Ivanka is not an original thinker; this is not news. So it comes as little surprise that she is not a gifted — or even passably average for her genre — writer, either. In her NPR review, Annalisa Quinn aptly likens reading the book to “eating scented cotton balls,” and I would thank the American culture to immediately stop placing any automatic, unqualified premium value on prestigious prep school and Ivy League educations, as every podunk public school graduate I know has a better grasp of Toni Morrison and Charlotte Perkins Gilman than Ivanka Trump does, despite her expensive degrees.
A more fitting label for this perfect-bound Pinterest board would be “Women Who Work for Me, Ivanka Trump,” as they appear to be the only relevant audience. The focus is mainly on what has worked for her in her career, which is as idiosyncratic as her personal life has been, and what kinds of people she is drawn to when she builds a team. So if you work for Ivanka Trump but still don’t understand her alien ways, or some day want to sell some harmless clutches to whichever mid-range department store will still do business with you, this book is likely quite useful.
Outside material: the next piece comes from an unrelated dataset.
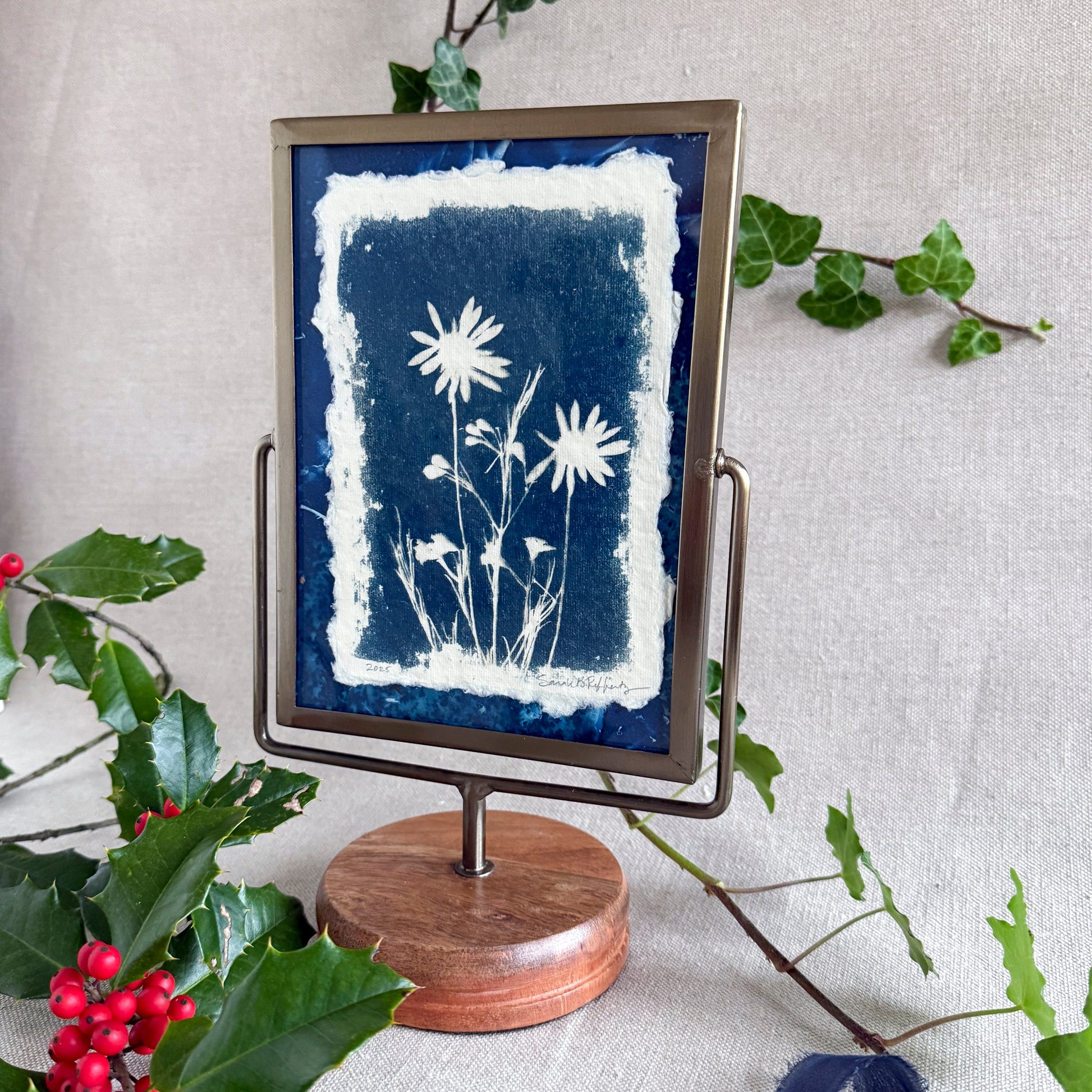 Original 5" x 7" cyanotype of Queen Anne's Lace from our little plot of land here in Chester County, PA and framed in a brass frame measuring 5.5" x 7.5" and stands 10" high. Shown here next to a 4.5" x 4.5" frame in the same style.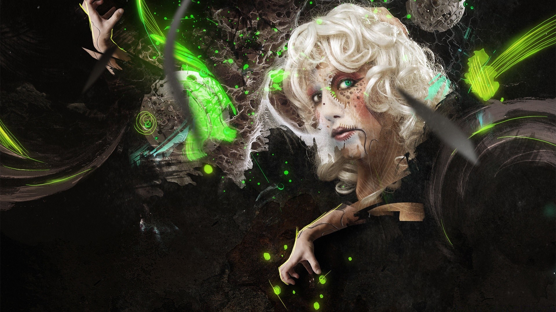 Un hombre y su imagen mística sobre un fondo rojo y negroUn hombre y su imagen mística sobre un fondo rojo y negro

Spout back all of the platitudes about building a “one-life corporate culture,” show up with “DREAM and DO” doodled on your file folder, and you’re in.
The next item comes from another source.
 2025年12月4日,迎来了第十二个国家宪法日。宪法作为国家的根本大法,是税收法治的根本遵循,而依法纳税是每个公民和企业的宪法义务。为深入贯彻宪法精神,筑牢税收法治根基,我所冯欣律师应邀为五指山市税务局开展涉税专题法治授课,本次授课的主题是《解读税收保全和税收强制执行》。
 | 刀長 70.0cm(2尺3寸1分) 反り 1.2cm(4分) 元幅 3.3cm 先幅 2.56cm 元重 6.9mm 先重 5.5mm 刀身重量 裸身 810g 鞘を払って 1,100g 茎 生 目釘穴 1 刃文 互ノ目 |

But for all of her nonsense about the “quiet, deliberate, and essential” so-called “workplace revolution” she claims to be launching, Ivanka is not up-ending what she calls “the old-fashioned ‘work warrior’ mentality” that demands long hours at the office as the only proof that employees are sufficiently dedicated to making money for their corporate overlords. What she’s advocating — Millennial Pinkified, self-actualized personal contentment wrapped around a tireless pitbull level of commitment to achieving corporate goals — is even more sinister. In her world, #WomenWhoWork and depart the office at 6 p.m. are still “leaving early” — the so-called Trump administration advocate for working parents obviously has no idea what time many daycares close — and they’re also expected to be back on at night and on the weekends, grinding away after they fulfill their Ivanka-modeled 20 scheduled minutes of quality time with their children or partners at home.
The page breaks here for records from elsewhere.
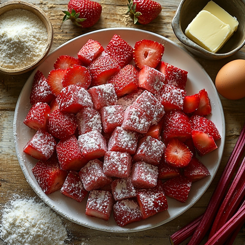 The magic behind these bars lies in a handful of simple but essential ingredients that work in harmony. Each ingredient contributes something special, from the tangy pop of fresh rhubarb and strawberries to the buttery, sugar-kissed crust and topping that create a perfect texture balance.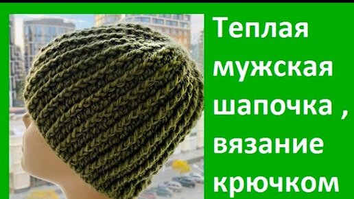 Теплая МУЖСКАЯ Шапочка , Вязание КРЮЧКОМ , crochet men's hat ( Ш № 208)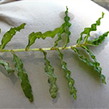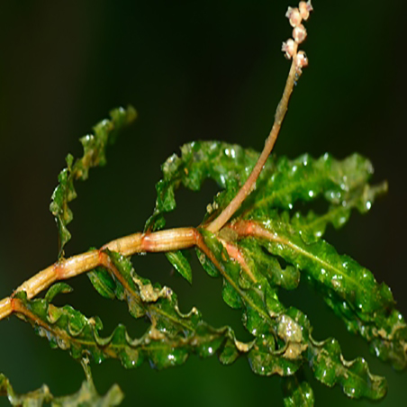 叶条形,长3-8厘米,宽0.5-1厘米,先端钝圆,基部约1毫米与托叶合生,不形成叶鞘,叶缘多少浅波状,具细锯齿,叶脉3-5,平行,顶端连接,中脉近基部两侧伴有通气组织形成的细纹;无柄,托叶薄膜质,长0.5-1厘米,早落;休眠芽腋生,松果状,长1-3厘米,革质叶2列密生,基部肥厚,坚硬,具细齿;

Ivanka’s obliviousness at her own privilege, despite lip service to acknowledging her many blessings, continues to dazzle. She holds up her Shabbat time with her family — sundown Friday to sundown Saturday — as an example of aspirational restorative time, and no doubt it is. Show me a couple that works the kinds of hours Ivanka and Jared do — even those without kids — that doesn’t have to use some of their non-working hours to run necessary errands or tidy up or get caught up on something other than leisure time, and I’ll show you a family wealthy enough to pay a full-time domestic staff to handle everything for them that isn’t personal exercise, family fun time and mandatory biweekly date nights. (Bullet journal note to self: An app to disrupt mandatory biweekly date nights? Siri but for sex?)
In Ivanka’s world, you can either “[turn] on ‘Real Housewives’ and [sit] in front of the TV eating a giant bowl of pasta with a glass of wine” — counterproductive! — or “meditate, soak in the tub, exercise, or take a long walk” at the end of a day to unwind. There’s a third option, too: “I simply turn off my devices, go into my kids’ room, and just watch them sleep.” Only a person who has never wondered if she could get her clean laundry put away before it cycled through to dirty again could offer only these options with a straight face.
Despite her heavy focus on working mothers in this book (though she is careful to always include those who are not parents yet and those who have chosen not to be, because you never leave a potential customer out!), it’s not until page 154 that the words “my nanny” appear, despite the many passages devoted to balancing motherhood with a demanding job. I don’t believe I saw it again until the acknowledgments, in which she thanks not only the nannies, Bridget and Dorothy, who helped raise her and her brothers as her own mother Ivana worked, but also “Liza and Xixi, who are helping me raise my own children, thank you for being a part of our extended family and enabling me to do what I do.” Employing two nannies has to be a cornerstone of the Ivanka Method; burying the full acknowledgment of that literally in the acknowledgments section is beyond disingenuous.